Hari ini, 15 Agustus 1997 di Toronto, hari perayaan Santa Perawan Maria diangkat ke surga, masih merupakan hari cuti bagi saya. Direktris PT Tempe mempunyai tugas mengantarkan pesanan tempe pagi-pagi, seusai Misa Kudus. Jadi saya lalu menemaninya bersepeda mengantar sang pesanan. Ya, mungkin tidak ada di dunia ini pesanan tempe diantar pasutri bersepeda :-). Saya jadi teringat pada saat mengayuh tadi.

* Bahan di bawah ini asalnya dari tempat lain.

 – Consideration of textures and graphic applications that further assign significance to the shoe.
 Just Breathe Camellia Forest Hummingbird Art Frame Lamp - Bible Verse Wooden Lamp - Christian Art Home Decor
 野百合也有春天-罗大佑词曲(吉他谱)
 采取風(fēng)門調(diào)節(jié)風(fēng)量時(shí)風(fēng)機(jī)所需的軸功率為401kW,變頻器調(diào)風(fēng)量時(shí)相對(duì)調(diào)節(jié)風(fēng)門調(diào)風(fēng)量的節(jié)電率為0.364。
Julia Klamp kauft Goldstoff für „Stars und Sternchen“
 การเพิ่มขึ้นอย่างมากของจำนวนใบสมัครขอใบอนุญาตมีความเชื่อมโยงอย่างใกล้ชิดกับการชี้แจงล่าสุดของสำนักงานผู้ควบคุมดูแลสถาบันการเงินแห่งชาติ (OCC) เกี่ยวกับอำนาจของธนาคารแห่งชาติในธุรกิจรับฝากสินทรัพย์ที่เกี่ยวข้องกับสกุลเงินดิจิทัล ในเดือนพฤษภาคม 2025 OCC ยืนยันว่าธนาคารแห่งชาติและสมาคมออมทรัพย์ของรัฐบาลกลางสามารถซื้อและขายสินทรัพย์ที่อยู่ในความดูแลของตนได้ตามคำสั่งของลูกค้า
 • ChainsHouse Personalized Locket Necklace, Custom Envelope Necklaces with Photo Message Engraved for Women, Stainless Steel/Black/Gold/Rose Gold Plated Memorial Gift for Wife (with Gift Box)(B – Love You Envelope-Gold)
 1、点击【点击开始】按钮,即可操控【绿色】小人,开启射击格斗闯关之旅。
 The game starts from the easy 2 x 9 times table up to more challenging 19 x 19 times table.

Sekitar 2 tahun lalu, seorang teman yang juga di Net, mengirimkan email berisi pesanan tempe kepada Cecilia. Saya katakan, "Wah, aku yakin ini pesanan tempe pertama di dunia lewat Internet." Soalnya mana ada bakul tempe dimanapun juga yang punya akses ke Internet :-). Ngga tahu sekarang, mungkin sudah ada bakul gudheg Yogya yang dimodali Pras untuk langganan ISP :-).

Saya lalu jadi teringat kembali kepada pertanyaan "sewot-sewot" ('so-what so-what' :-)) dari Ira kemarin sehubungan dengan tayangan top hit pekan ini, kreasi Bung Aloy, Menara Jakarta. Jawab saya ke Ira, kalau nanti Menara Jakarta dengan antena super-duper sudah jadi dan saya berkunjung ke Betawi, kemungkinan besar saya akan naik. So that I can say, I have been there, to see the cloud (of smog) from Menara Jakarta, whose simulation program was written by my cyber-friend Jos Tetuko :-). Saya yakin setiap orang akan mempunyai jawaban atas "sewotnya" Ira :-), apalagi orang Indonesia yang bangga akan serba ter-nya negeri tercinta :-).

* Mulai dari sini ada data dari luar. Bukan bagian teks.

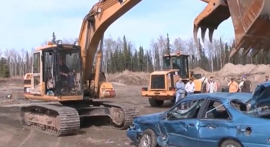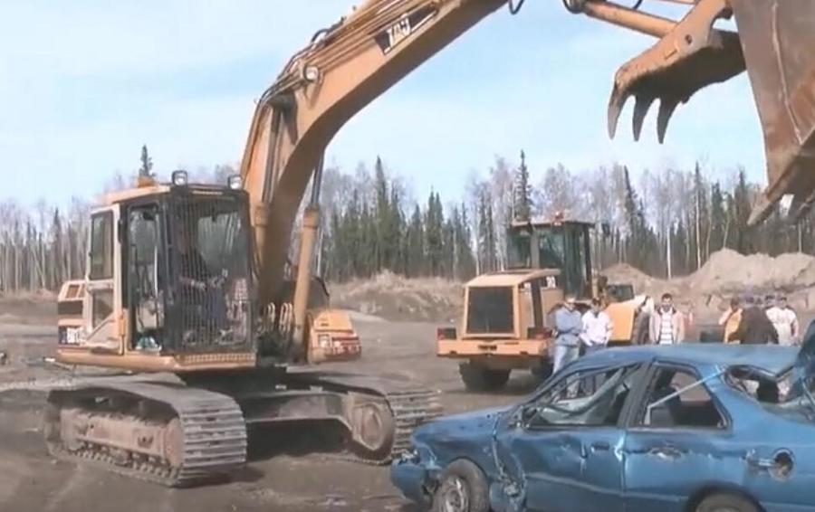 挖掘机砸小轿车,就是这么轻松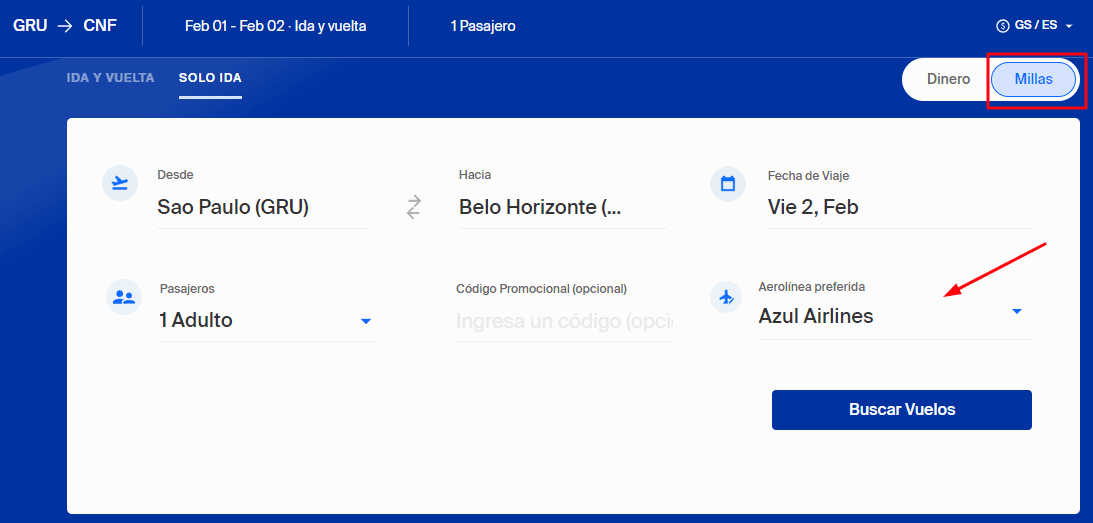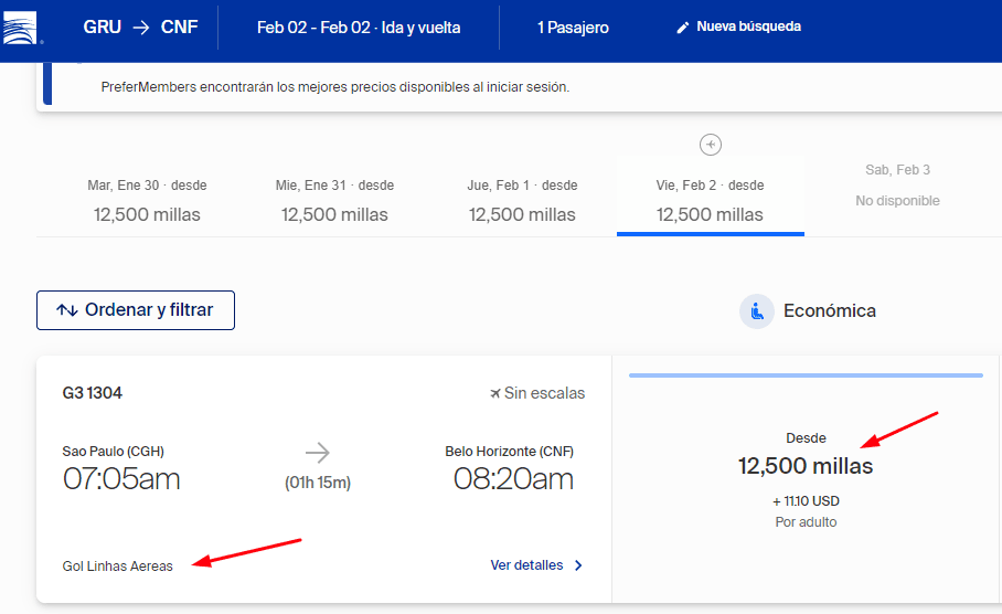 Acione a opção ‘Reservar con millas’ para que apenas os voos de ambas as aéreas nacionais apareceram no resultado da busca.

Kembali ke lamunan sambil mengayuh, karena sepinya trail bersepeda sehabis kami mengantar tempe tadi, saya dan Cecilia dapat berdampingan bersepedanya. Katanya, "Hmm, udara ngga wangi lagi kaya waktu musim semi yah?" "Hmm, bener, bau apaan sih nih?" "Bau gituannya anjing," katanya yang penciumannnya memang tidak kalah dari pemilik gituan itu :-). "Kalau musim rontok, bau apek, pokoknya tiap musim lain-lain baunya," kata Cecilia lagi. Yah, memang orang yang mempunyai anjing sering menjalankannya sepanjang trail dan meski ada peraturan untuk 'poop and scoop', namun karena tidak ada polisi yang menangkap majikan para "pooper" ini, yah begitulah, udara menjadi "harum gituan".

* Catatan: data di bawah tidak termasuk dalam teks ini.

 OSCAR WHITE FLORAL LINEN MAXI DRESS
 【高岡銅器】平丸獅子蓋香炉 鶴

Hidup di negeri 4 musim memang bervariasi, tidak membosankan. Kalau udara terus wangi, jelas kita tidak akan menghargainya lagi, 'take things for granted' gitu. Kalau udara terus "bau gituan", jelas kita akan empet-pet-pet dan lalu mengambil keputusan, terus tabah dan "mati-matian" tinggal di udara seperti itu, dengan kemungkinan besar, lama-lama kita menjadi terbiasa. (Lihat tayangan saya 'Renungan Tahu dan Tempe' di hompejku yang menceritakan menjadi biasanya orang yang tinggal di sebelah pabrik tahu untuk tidak mencium baunya.) Pilihan satunya lagi adalah, pindah dari "udara berbau gituan". Nah, kalau Anda termasuk yang terakhir dan tinggal di luar batang, jangan merasa "gerah" meskipun Mas Jos secara tidak sadar mungkin, sudah berusaha melakukan apa yang namanya 'instilling guilt feeling' waktu ia menganjurkan mereka yang bersekolah di luar negeri untuk kembali ke tanah air :-). Salam dari Toronto.